La déchéance d’un homme de Dazaï Osamu

dazai-osamu-la-dc3a9chc3a9ance-dun-homme« J’ai vu trois photographies de cet homme.

La première est une photo de jeunesse ; c’est celle d’un enfant d’environ dix ans, autant qu’on puisse en juger. L’enfant est debout, entouré par de nombreuses filles… »

C’est ainsi que commence ce livre en partie autobiographique semble-t-il. Dazaï Osamu raconte son mal-être, ses difficultés à s’intégrer et sa déchéance. Un livre pas très facile d’abord ni particulièrement captivant. J’ai attendu qu’il se passe quelque chose qui donnerait de l’épaisseur à cet ouvrage puis j’ai abandonné.

L’homme dont il s’agit, celui qui raconte sa vie est un fils de famille fortunée. L’action se situe dans le Japon des années 1900. Le narrateur, ne trouve pas sa place dans la vie et ne s’entend qu’avec les gens qu’il choisit lui-même et encore.

Fils de, il enchaînera les années d’études les unes après les autres en franchissant les étapes grâce au nom qu’il porte ; Non qu’il soit sot mais il ne fournit aucun travail. Il préfère peindre et penser qu’il a un talent exceptionnel mais il lui est impossible de poursuivre ce genre d’études.
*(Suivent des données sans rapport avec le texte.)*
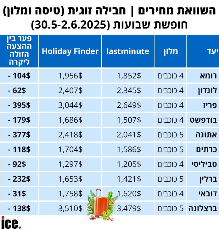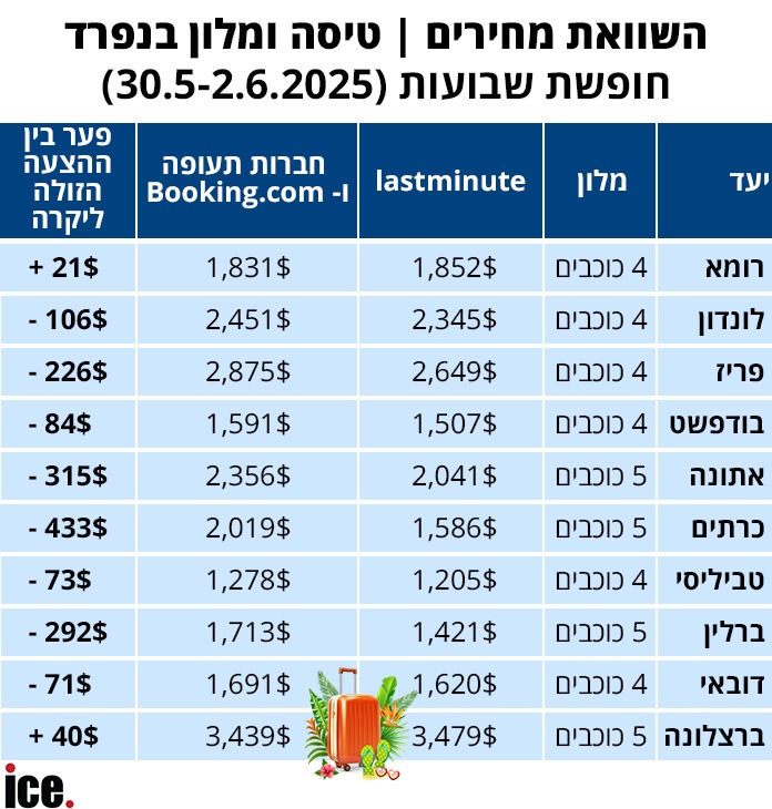 בדקנו עבורכם בכמה אתרים כמו בוקינג, לאס מינט והולידיי פיינדר. כמה מהיעדים הפופולריים לחג, והשווינו מחירים בין אתרים שונים לחבילות שכוללות טיסה ומלון. ההשוואה נעשתה על בסיס תאריכים אחידים, עם סוגי חדרים ומאפיינים זהים, כדי לתת תמונת מצב אמינה של השוק רגע לפני החג.
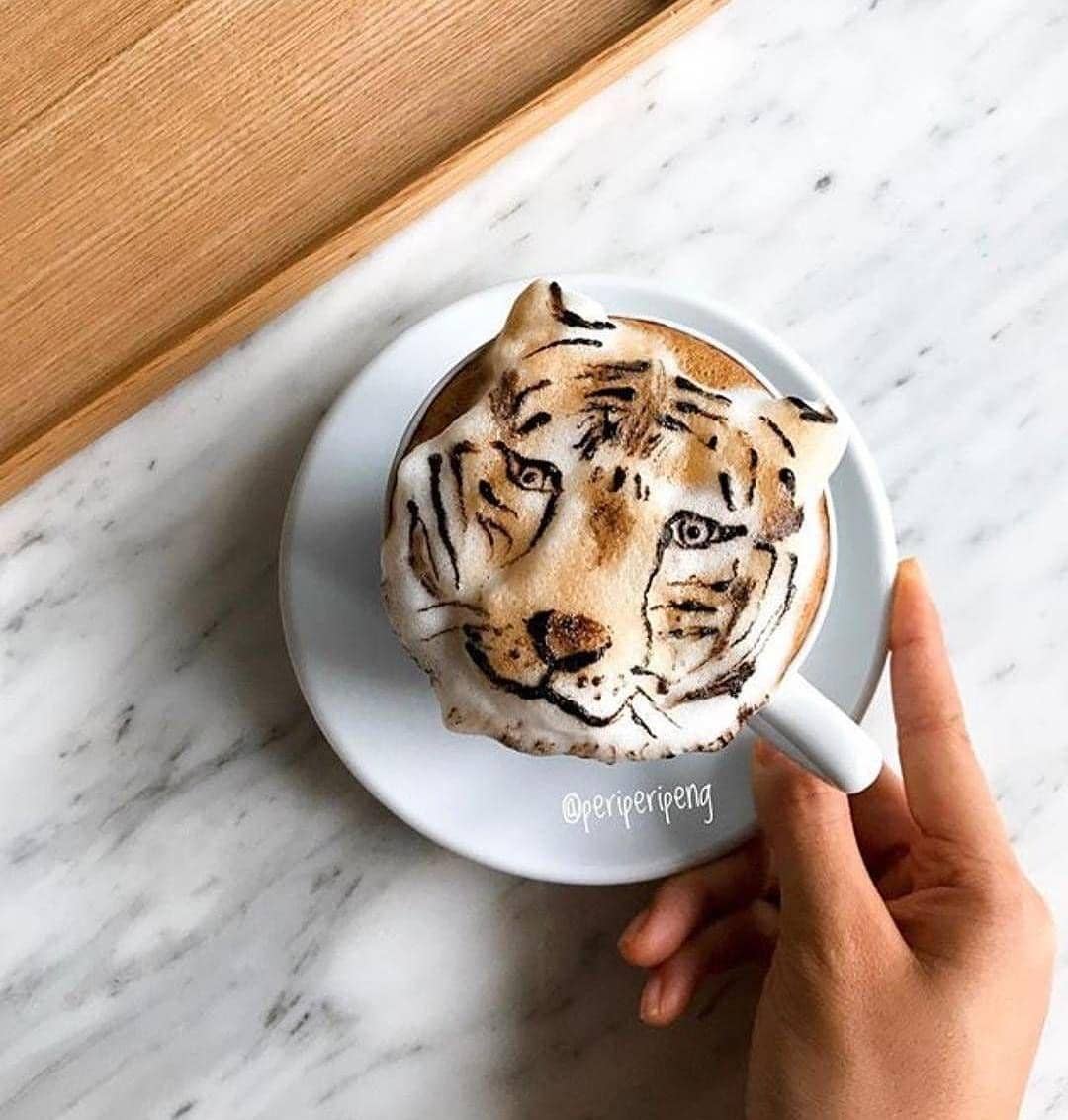 12. Latte art juga menghiasi secangkir kopi ini. Berhiaskan harimau, tampak seram sepertinya namun rasanya yang nikmat akan menemani pagimu
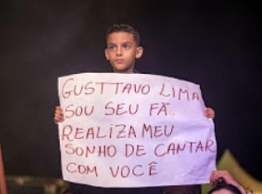 Durante a apresentação, o cantor viu um cartaz de um menino que pedia para cantar com ele. Gusttavo o convidou para subir no palco e, então, Pedro Lucas Marins cantou a música “DNA”. O cantor, por sua vez, não conseguiu evitar e chorou ao lado do menino.
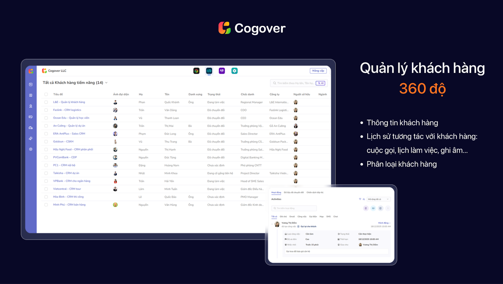 Ở giai đoạn này, nhiều doanh nghiệp bắt đầu gặp khó khăn khi số lượng tương tác tăng lên nhưng không có công cụ quản lý tập trung. Các nền tảng CRM như Cogover CRM giúp doanh nghiệp lưu trữ toàn bộ lead đến từ mạng xã hội, theo dõi lịch sử trao đổi, phân công sales xử lý và kiểm soát trạng thái từng khách hàng trên một hệ thống duy nhất. Điều này giúp quá trình tìm kiếm khách hàng qua mạng xã hội không chỉ dừng ở việc tạo tương tác, mà chuyển hóa thành cơ hội bán hàng thực tế.
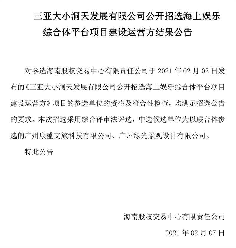 三亞大小洞天發(fā)展有限公司公開招選海上娛樂綜合體平臺項目建設(shè)運營方結(jié)果公告
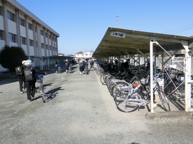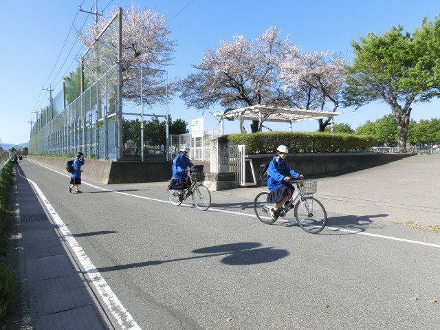 さわやかな青空の下、元気に登校する生徒たちです。初めて自転車通学をする新入生も、ルールとマナーを守って安全に登下校できるよう声をかけていきます。地域のみなさまにも見守っていただけるとありがたいです。
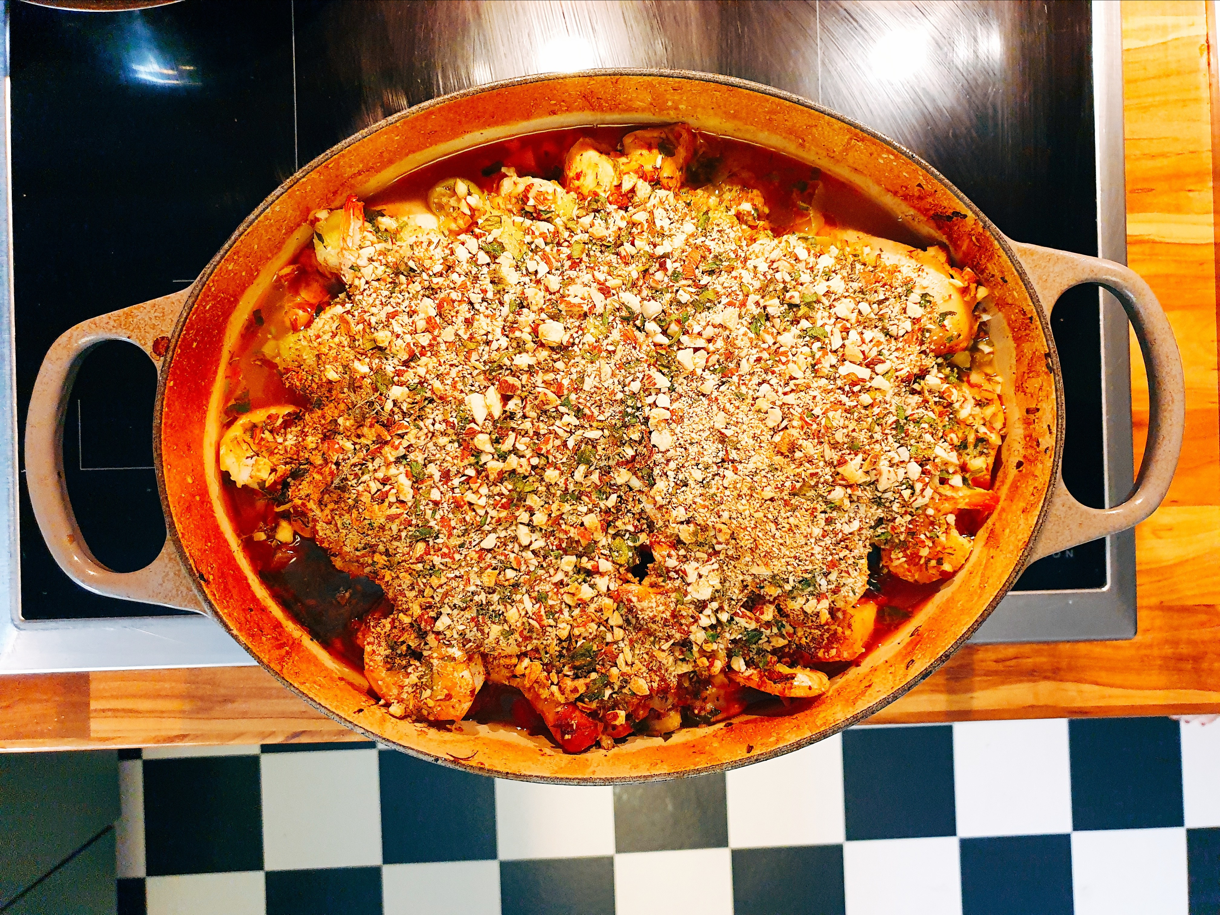 Den Eintopf nochmals auf die untere Schiene des Ofens schieben und weitere 10 Minuten garen, bis die Brösel knusprig sind.

À l’Université de Tokyo qu’il fréquente après avoir quitté sa campagne natale il ne sera pas plus présent mais son nom de famille dans la capitale, n’est pas le sésame qui le préserve, la ville aura une influence néfaste. Il n’assiste pas aux cours de l’université et sous l’influence de ceux qu’il rencontre, il intègre le Parti Communiste Japonais puis passe son temps à boire du saké pour ensuite fréquenter la gente féminine.

Tentant de se suicider avec une de ses compagnes, il échappe à la mort mais pas elle. Poursuivi par la justice, il est emprisonné puis mis en probation. L’apprenant, son père avec qui il vit dans une immense maison sans jamais se croiser, lui coupe les vivres. C’est ainsi que la déchéance commence.

Je ne suis pas allé au bout de ses quelques 180 pages renonçant à la page 129. Je suis persuadé que ce livre n’est pas inintéressant pour autant. En tout état de cause je présume que c’est un livre pour les « théseux » de Dazaï Osamu, un livre pour connaisseur averti, un passionné des œuvres de l’auteur. Le lien ici m’a donné raison.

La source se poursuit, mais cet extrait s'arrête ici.